Dataset excerpts:
┄┄┄┄┄┄┄┄┄┄┄┄┄┄┄┄┄┄┄┄
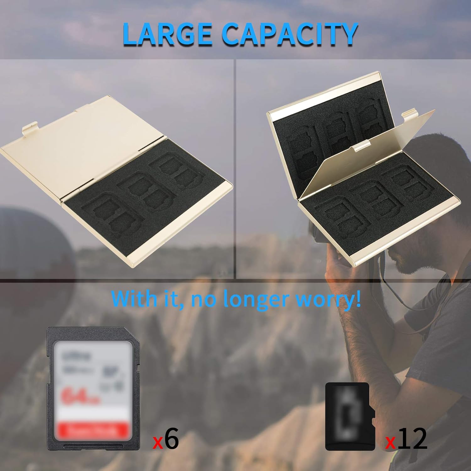 - 【LARGE CAPACITY】On the basis of the design aesthetic, the greatest degree of increase in the number of cards this SD card case. Each SD card slot is embedded with two TF card slots, with a total capacity of 6SD+12TF, allowing you to store as many memory cards as possible in a limited space.
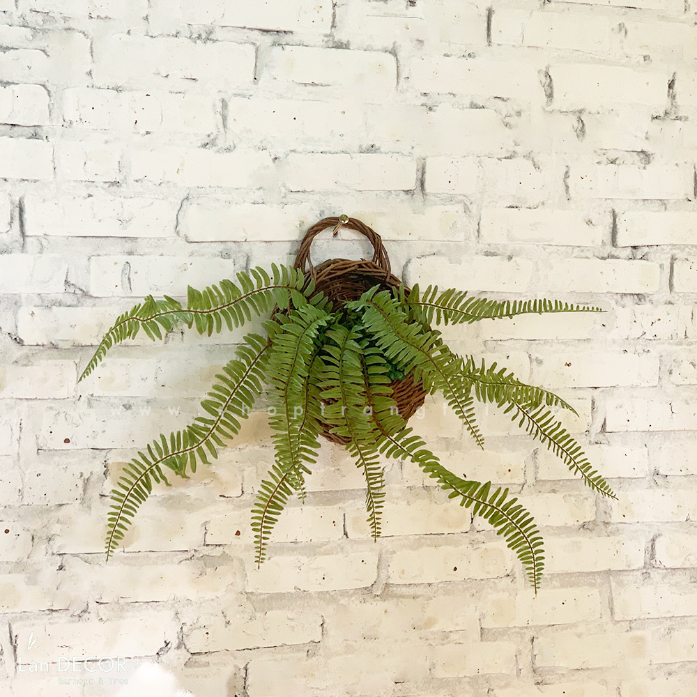 Giỏ dương xỉ treo tường được phối theo phong cách hiện đại từ những người thợ có tay nghề của LanDecor. Cánh dương xỉ tự nhiên như thật mang vẻ đẹp của thiên nhiên mang đến cảm giác chân thật và sống động cho không gian.
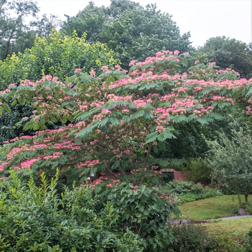 Succombez Ă la dĂ©licate floraison soyeuse de lâalbizia julibrissin, appelĂ© aussi acacia de Constantinople, mimosa de Constantinople et mĂȘme arbre de soie. Ses pompons rose pĂąle sâĂ©panouissent en juillet aoĂ»t sur un arbre Ă la silhouette gracieusement Ă©vasĂ©e, garnie dâun feuillage lĂ©ger. Peu exigeant et bien rustique, câest un excellent arbre dâombrage Ă planter Ă proximitĂ© de la terrasse, en isolĂ© sur fond de pelouse ou en alignement !
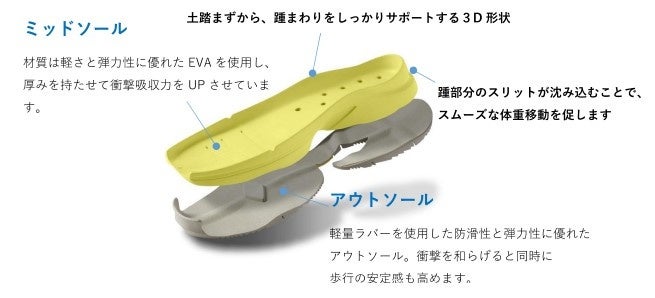 昨年秋に発売した「レザーレースアップジップスニーカーWoW10」をベースにしたメッシュタイプのスニーカーです。インソールには好評の「フィットフォルム※1 WoW10」を使用。さらにレザータイプと同様に「WoWソール」を採用し、アウトソールはローリング歩行※2を促す形状で、ミッドソールは土踏まずアーチをサポートし、踵の横ブレを防ぐ3D 形状となっています。
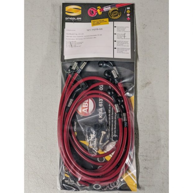 Durites de frein avant + arrière renforcées type aviation de marque SPIEGLER pour KAWASAKI ZX-6 R (Type ZX636G / F) (05 durites avant + arrière - Montage alternatif - sans tubes acier rigides - Version ABS)
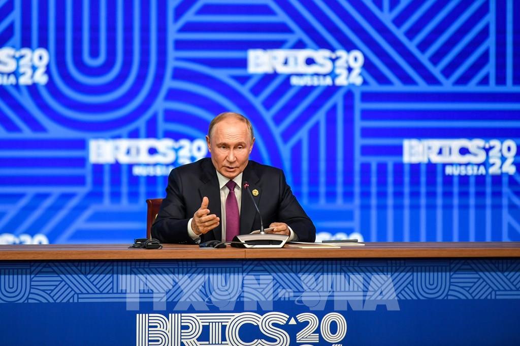 Ngày 24/10/2024, phát biểu tại Hội nghị cấp cao BRICS mở rộng, Tổng thống Nga Vladimir Putin nêu bật những tác động tiêu cực của các biện pháp trừng phạt đơn phương, chủ nghĩa bảo hộ, thao túng tiền tệ và thị trường chứng khoán, các hành động can thiệp vào công việc nội bộ của quốc gia khác. Tổng thống Putin tuyên bố ông hy vọng các các thảo luận mang tính xây dựng và cụ thể trong khuôn khổ BRICS mở rộng sẽ đóng góp vào giải quyết các vấn đề nóng hổi của khu vực và toàn cầu. Ảnh: THX/TTXVN
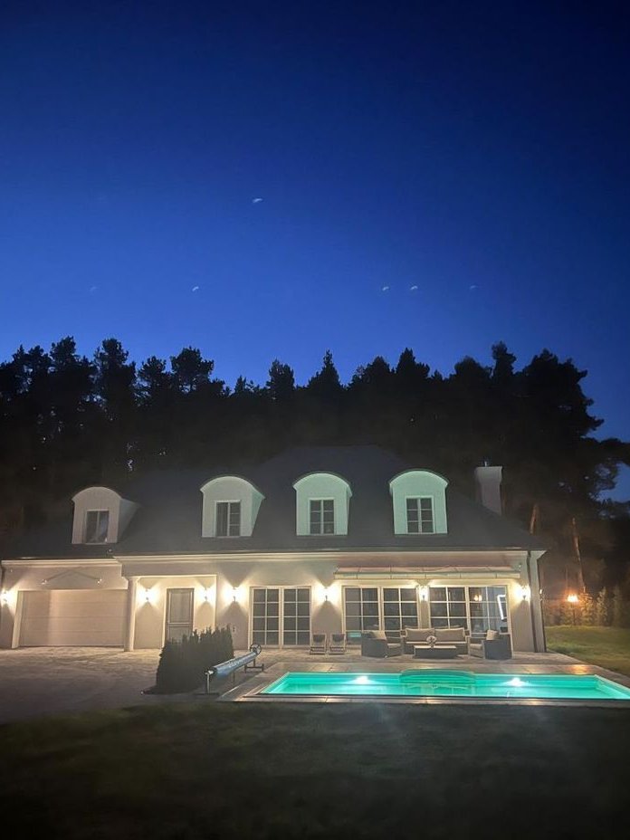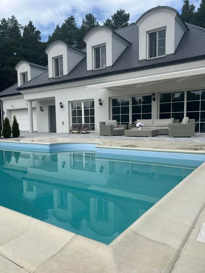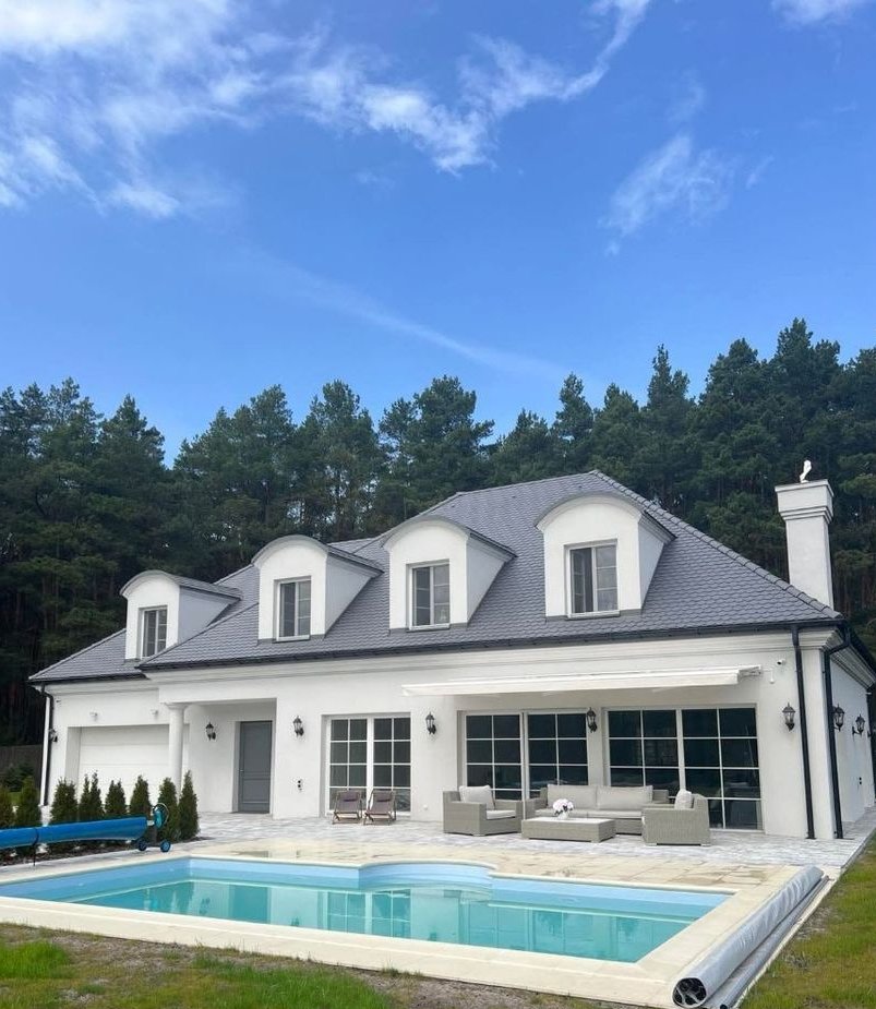 Nie współpracujemy z Agencjami Nieruchomości. Rezydencja pod Lasem oddana do użytku w maju 2024, w pięknym miejscu Kamieńczyk koło Wyszkowa na rozstaju rzek Liwiec i Bug w pobliżu Loretto- Fantastyczne miejsce do zamieszkania 50km od Warszawy, cisza i spokój, idealne miejsce dla Rodziny z dziećmi od Wyszkowa 3km. Dom wykończony pod klucz do wprowadzenia się od ręki , basen 4m/8m bez obsługowy, pompa ciepła bez obsługowa- wszelkie udogodnienia - wnętrze domu w pełni wyposażone do obejrzenia na miejscu ( brak zdjęć wnętrza ze względu na zastrzeżone prawa autorskie projektanta). Wszelkich informacji udzielę telefonicznie. Parter: Wiatrołap z garderobą, salon z kuchnią i spiżarnia z wyjściem na taras z basenem+ wyście na drugi taras od strony lasu, hol , pokój gościnny, duża łazienka dla gości, schody na piętro, pod schodami schowek, garaż na 2 pojazdy z pomieszczeniem gospodarczym. Piętro: duży holl z którego są wejścia do : duża łazienka z wanną i prysznicem dla 2 osób, pokój telewizyjny z sypialną ( można zaaranżować na dużą sypialnie z garderobą, 2 sypialnie dla gości, na końcu holu sypialnia małżeńska z widokiem na 2 strony, las i basen+ garderoba.
┄┄┄┄┄┄┄┄┄┄┄┄┄┄┄┄┄┄┄┄
What to work on:
What you return must match the lines above from the one with "Succombez Ă la" through the one with "Ngày 24/10/2024, phát" exactly, with both ends included and the pictures excluded.

Answer space:
 Succombez Ă la dĂ©licate floraison soyeuse de lâalbizia julibrissin, appelĂ© aussi acacia de Constantinople, mimosa de Constantinople et mĂȘme arbre de soie. Ses pompons rose pĂąle sâĂ©panouissent en juillet aoĂ»t sur un arbre Ă la silhouette gracieusement Ă©vasĂ©e, garnie dâun feuillage lĂ©ger. Peu exigeant et bien rustique, câest un excellent arbre dâombrage Ă planter Ă proximitĂ© de la terrasse, en isolĂ© sur fond de pelouse ou en alignement !
 昨年秋に発売した「レザーレースアップジップスニーカーWoW10」をベースにしたメッシュタイプのスニーカーです。インソールには好評の「フィットフォルム※1 WoW10」を使用。さらにレザータイプと同様に「WoWソール」を採用し、アウトソールはローリング歩行※2を促す形状で、ミッドソールは土踏まずアーチをサポートし、踵の横ブレを防ぐ3D 形状となっています。
 Durites de frein avant + arrière renforcées type aviation de marque SPIEGLER pour KAWASAKI ZX-6 R (Type ZX636G / F) (05 durites avant + arrière - Montage alternatif - sans tubes acier rigides - Version ABS)
 Ngày 24/10/2024, phát biểu tại Hội nghị cấp cao BRICS mở rộng, Tổng thống Nga Vladimir Putin nêu bật những tác động tiêu cực của các biện pháp trừng phạt đơn phương, chủ nghĩa bảo hộ, thao túng tiền tệ và thị trường chứng khoán, các hành động can thiệp vào công việc nội bộ của quốc gia khác. Tổng thống Putin tuyên bố ông hy vọng các các thảo luận mang tính xây dựng và cụ thể trong khuôn khổ BRICS mở rộng sẽ đóng góp vào giải quyết các vấn đề nóng hổi của khu vực và toàn cầu. Ảnh: THX/TTXVN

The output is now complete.